(Beginning of SOURCE MATERIAL)

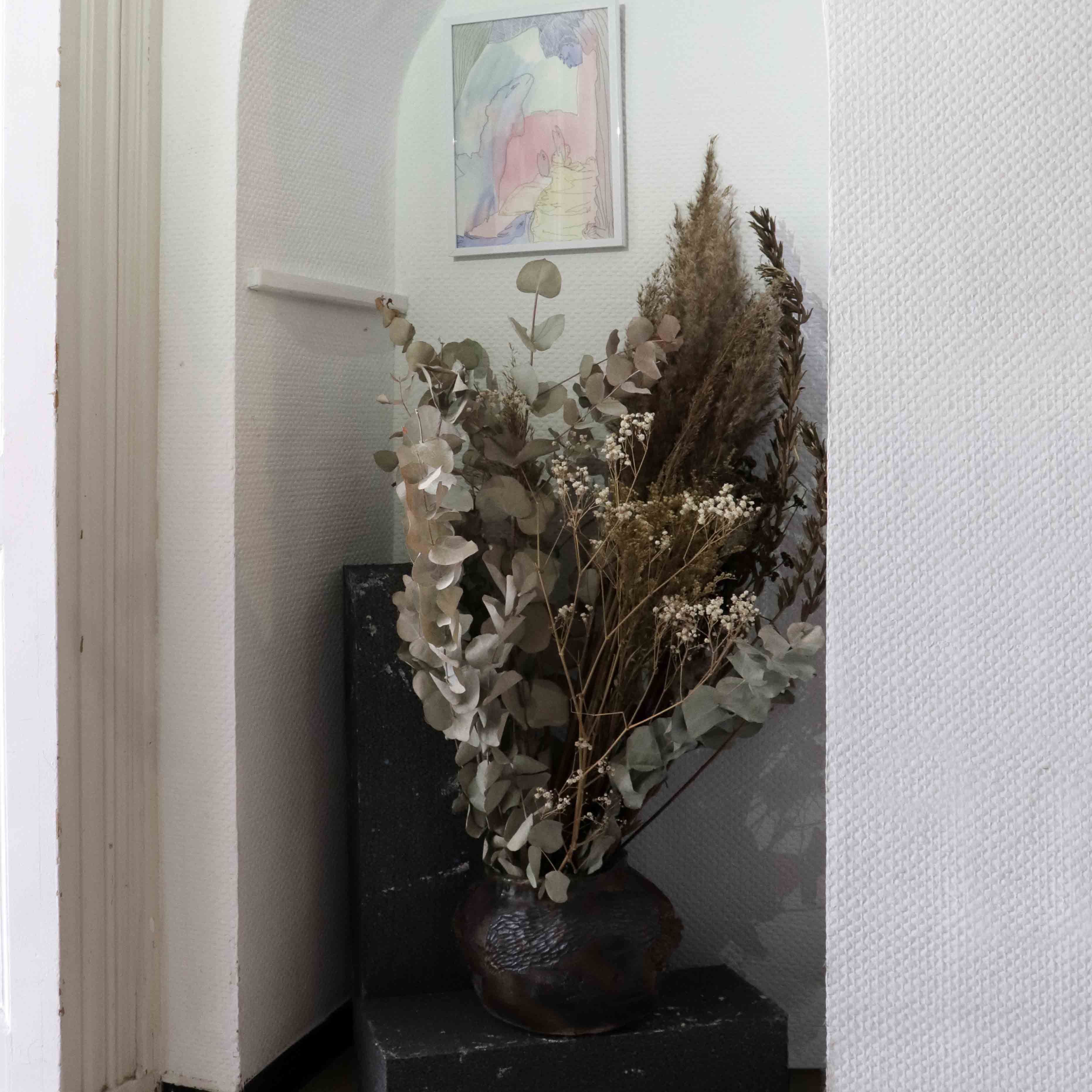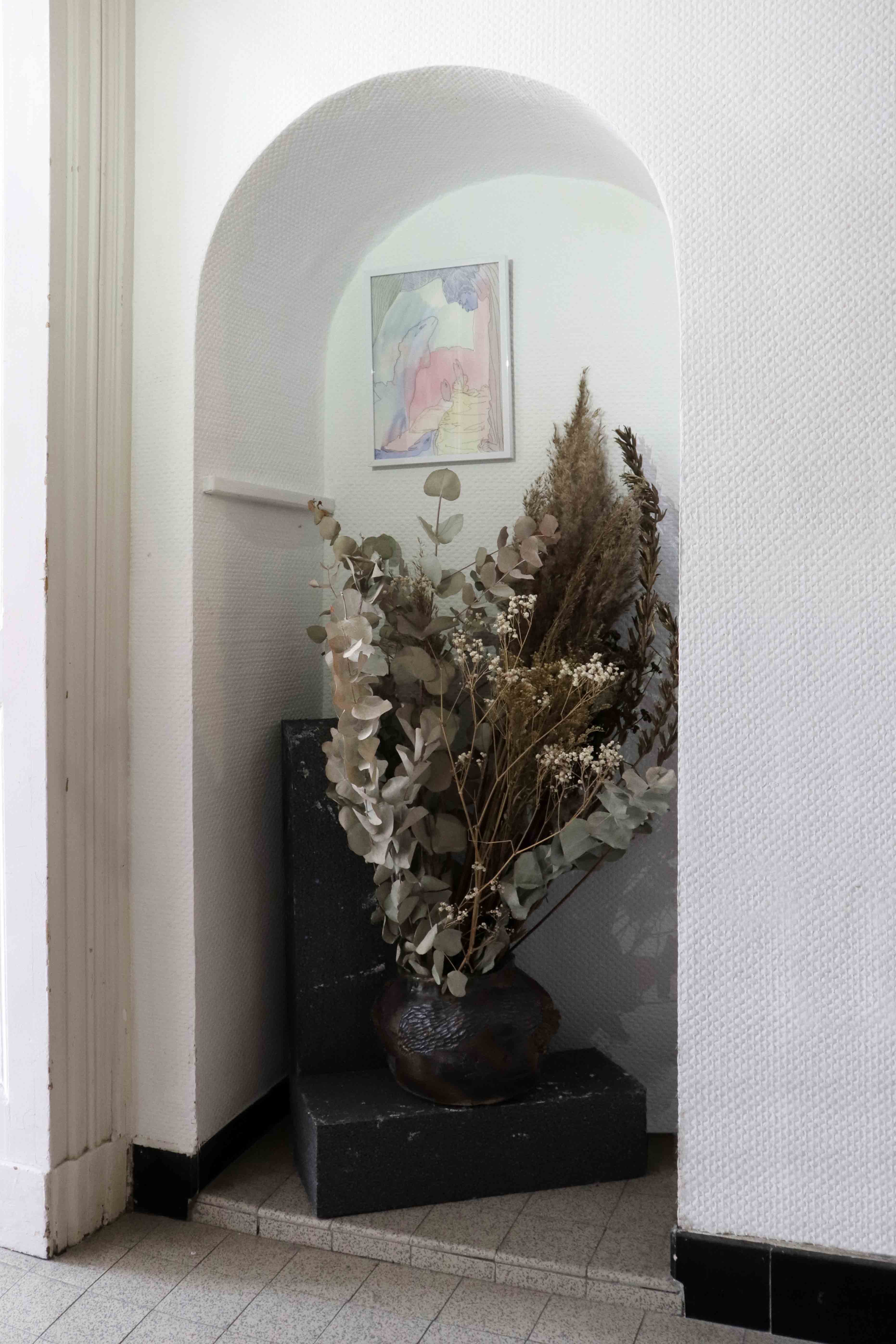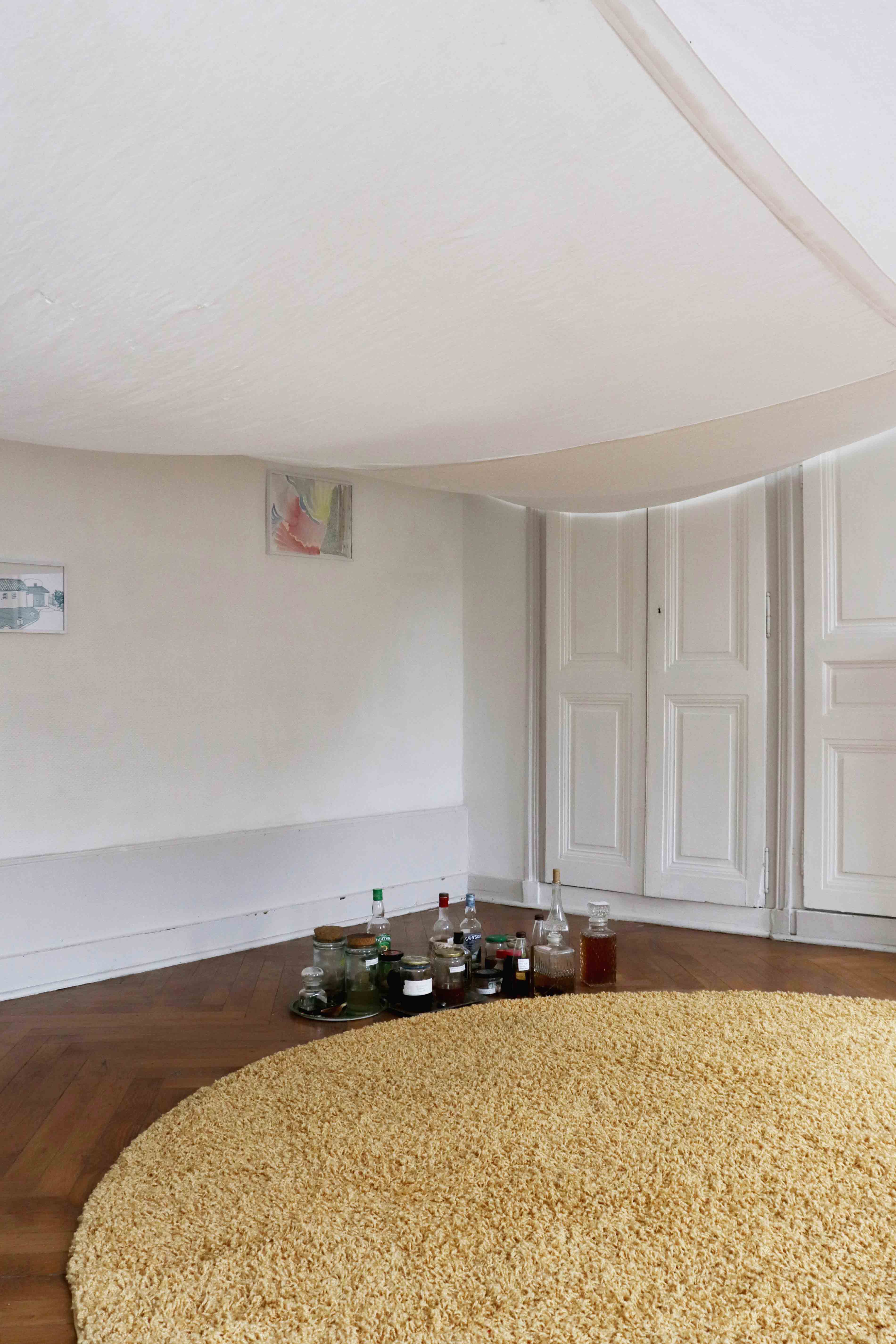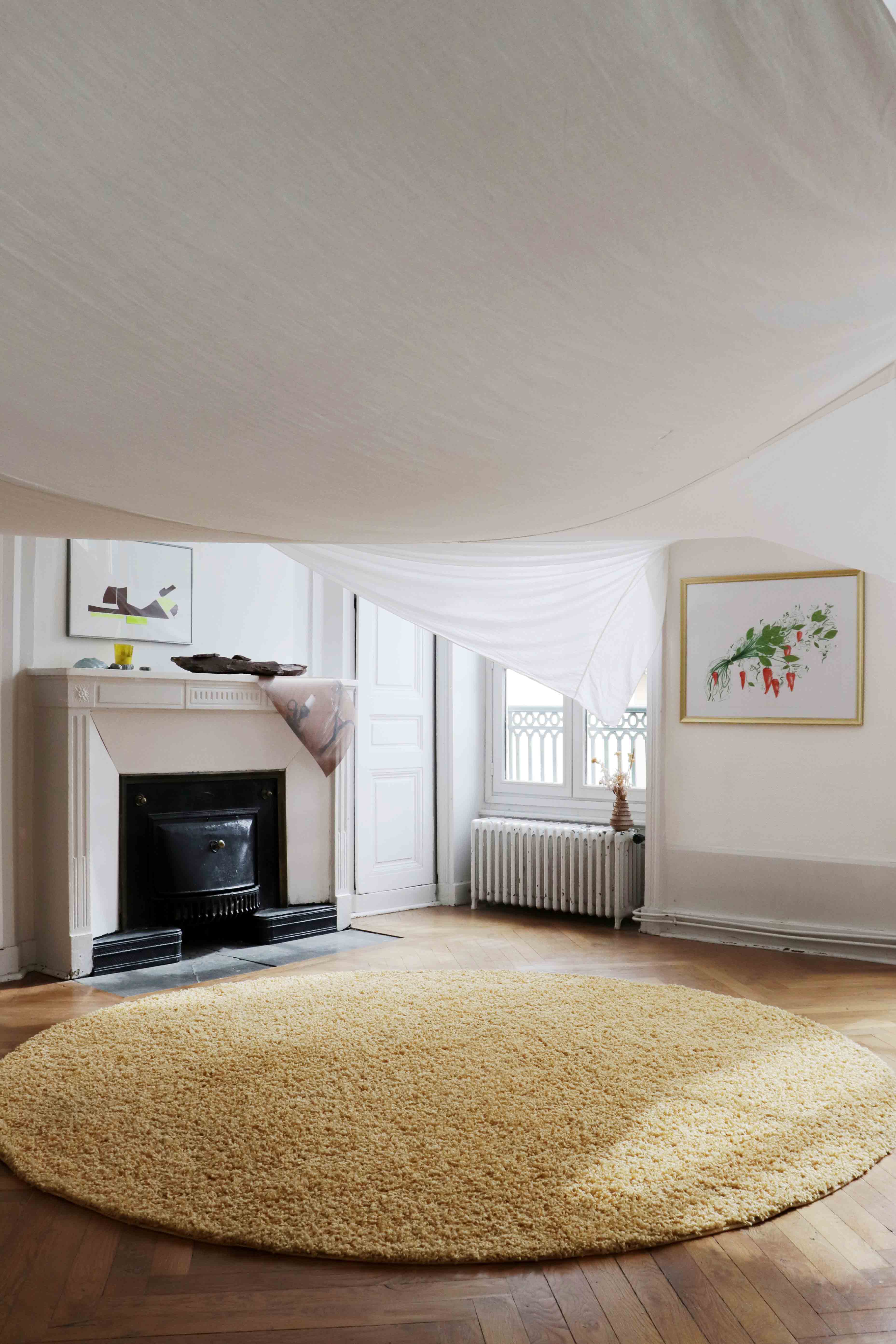 Housewarming party est une réflexion commune avec Julie Kieffer sur la notion d’habiter un espace. Le lieu d’exposition possède des éléments encore bien identifiables de son passé de maison bourgeoise - des moulures, des cheminées, un parquet en bois massif. Nous avons alors pris le parti de l’exploiter dans son ambiguïté, entre lieu d’exposition et espace domestique, en jouant entre ces différents codes.
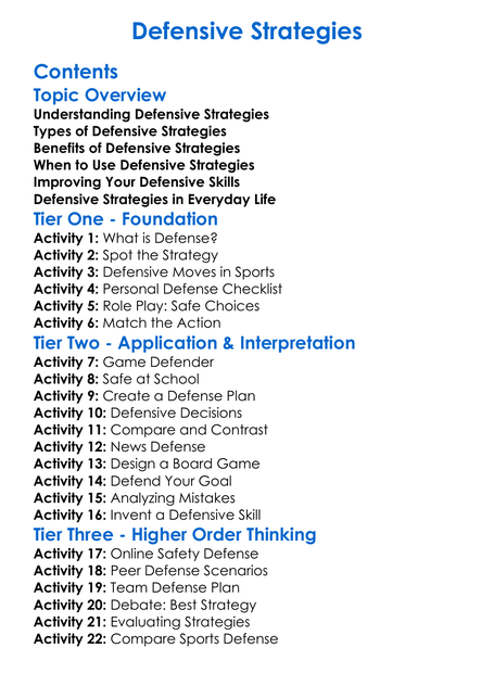 Defensive Strategies Worksheet Activity Booklet
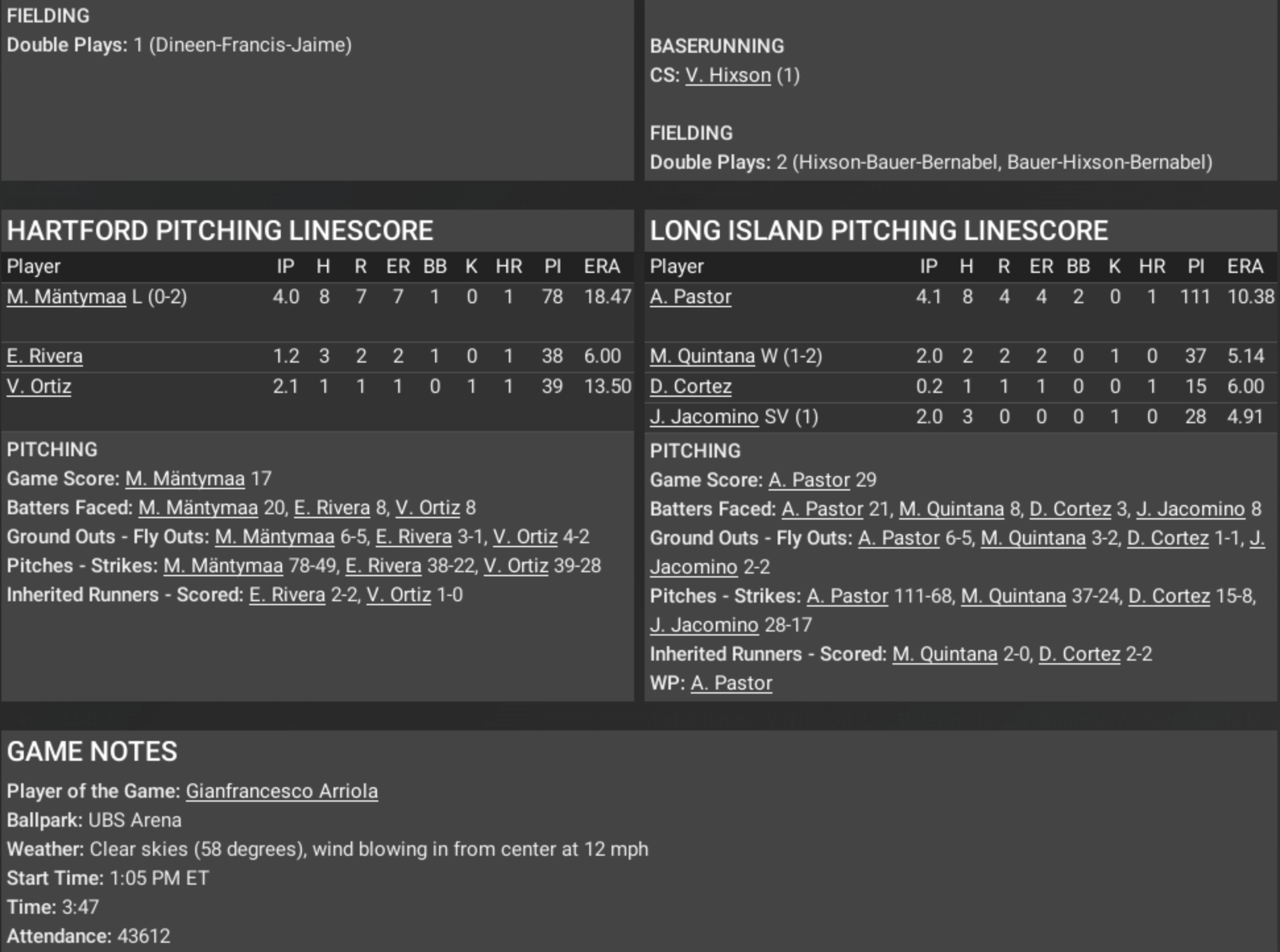 Mad Dog: “I’m tellin’ ya, Mike… this was back-and-forth all day. Hartford jumps out early, Whalers get a couple runs in the first, they’re lookin’ good… but then Long Island just explodes in the fifth! Seven runs in one inning! SEVEN!” Mike: “Gianfrancesco Arriola, 3 for 4, a home run, two singles, a walk, three RBI… the guy’s a one-man wrecking crew! And Jon Valenzuela, with runners on first and second, no outs… doubles to center, knocks in the go-ahead run! That’s clutch, folks!” Mad Dog: “And don’t forget, Mike, Hartford’s battin’ too—Zuke with a homer, Arriola with another… seven runs! I mean, it’s like a fireworks show out there. Bases loaded, runners all over the place… what a game!” Mike: “But the Islanders get it done, the crowd is wild, and now the series is tied 3-3. Monday, it’s all on the line in Hartford Civic Center. You’ve got the defending champs fightin’ to stay alive, and the Whalers looking to punch their ticket. I tell ya, this is playoff baseball at its finest!” Mad Dog: “And the pitching… forget about it. Mäntymaa gives up eight hits, seven runs… Pastor gives up eight hits, four runs… this game was just a slugfest from start to finish!” Mike: “Player of the Game? Gianfrancesco Arriola. No doubt. The guy carries Long Island, and the series now comes down to one game. I’m tellin’ ya, Monday is gonna be crazy!” Mad Dog: “43,612 fans, clear skies, 12 mph wind… doesn’t matter! This game was all about the bats! Back-and-forth, back-and-forth… Long Island comes out on top, 10-7. Unreal!” Mike: “Series tied, 3-3. Game 7 in Hartford. If you’re a baseball fan, you do not wanna miss this one!” Mad Dog: “I don’t care if you’re a Whalers fan or an Islanders fan… this is what you live for!” Final Score: Long Island Islanders 10, Hartford Whalers 7. Player of the Game: Gianfrancesco Arriola. Absolute beast. |
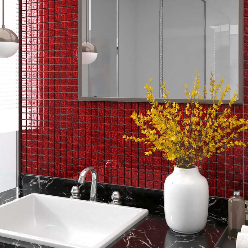 Berkfield Mosaic Tiles 22 pcs Red 30×30 cm Glass
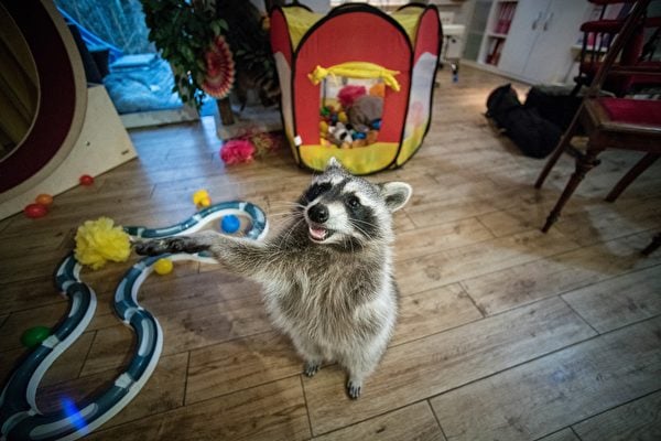 萊寧格說:「浣熊和貓一樣溫順,而且它絕對可以把房子破壞掉。」萊寧格補充說:「當浣熊被奶瓶餵養時,它很相信人類。」

(End of SOURCE MATERIAL)

Where a record above contains a picture, leave the picture out and transcribe everything else exactly.

 Housewarming party est une réflexion commune avec Julie Kieffer sur la notion d’habiter un espace. Le lieu d’exposition possède des éléments encore bien identifiables de son passé de maison bourgeoise - des moulures, des cheminées, un parquet en bois massif. Nous avons alors pris le parti de l’exploiter dans son ambiguïté, entre lieu d’exposition et espace domestique, en jouant entre ces différents codes.
 Defensive Strategies Worksheet Activity Booklet
 Mad Dog: “I’m tellin’ ya, Mike… this was back-and-forth all day. Hartford jumps out early, Whalers get a couple runs in the first, they’re lookin’ good… but then Long Island just explodes in the fifth! Seven runs in one inning! SEVEN!” Mike: “Gianfrancesco Arriola, 3 for 4, a home run, two singles, a walk, three RBI… the guy’s a one-man wrecking crew! And Jon Valenzuela, with runners on first and second, no outs… doubles to center, knocks in the go-ahead run! That’s clutch, folks!” Mad Dog: “And don’t forget, Mike, Hartford’s battin’ too—Zuke with a homer, Arriola with another… seven runs! I mean, it’s like a fireworks show out there. Bases loaded, runners all over the place… what a game!” Mike: “But the Islanders get it done, the crowd is wild, and now the series is tied 3-3. Monday, it’s all on the line in Hartford Civic Center. You’ve got the defending champs fightin’ to stay alive, and the Whalers looking to punch their ticket. I tell ya, this is playoff baseball at its finest!” Mad Dog: “And the pitching… forget about it. Mäntymaa gives up eight hits, seven runs… Pastor gives up eight hits, four runs… this game was just a slugfest from start to finish!” Mike: “Player of the Game? Gianfrancesco Arriola. No doubt. The guy carries Long Island, and the series now comes down to one game. I’m tellin’ ya, Monday is gonna be crazy!” Mad Dog: “43,612 fans, clear skies, 12 mph wind… doesn’t matter! This game was all about the bats! Back-and-forth, back-and-forth… Long Island comes out on top, 10-7. Unreal!” Mike: “Series tied, 3-3. Game 7 in Hartford. If you’re a baseball fan, you do not wanna miss this one!” Mad Dog: “I don’t care if you’re a Whalers fan or an Islanders fan… this is what you live for!” Final Score: Long Island Islanders 10, Hartford Whalers 7. Player of the Game: Gianfrancesco Arriola. Absolute beast. |
 Berkfield Mosaic Tiles 22 pcs Red 30×30 cm Glass
 萊寧格說:「浣熊和貓一樣溫順,而且它絕對可以把房子破壞掉。」萊寧格補充說:「當浣熊被奶瓶餵養時,它很相信人類。」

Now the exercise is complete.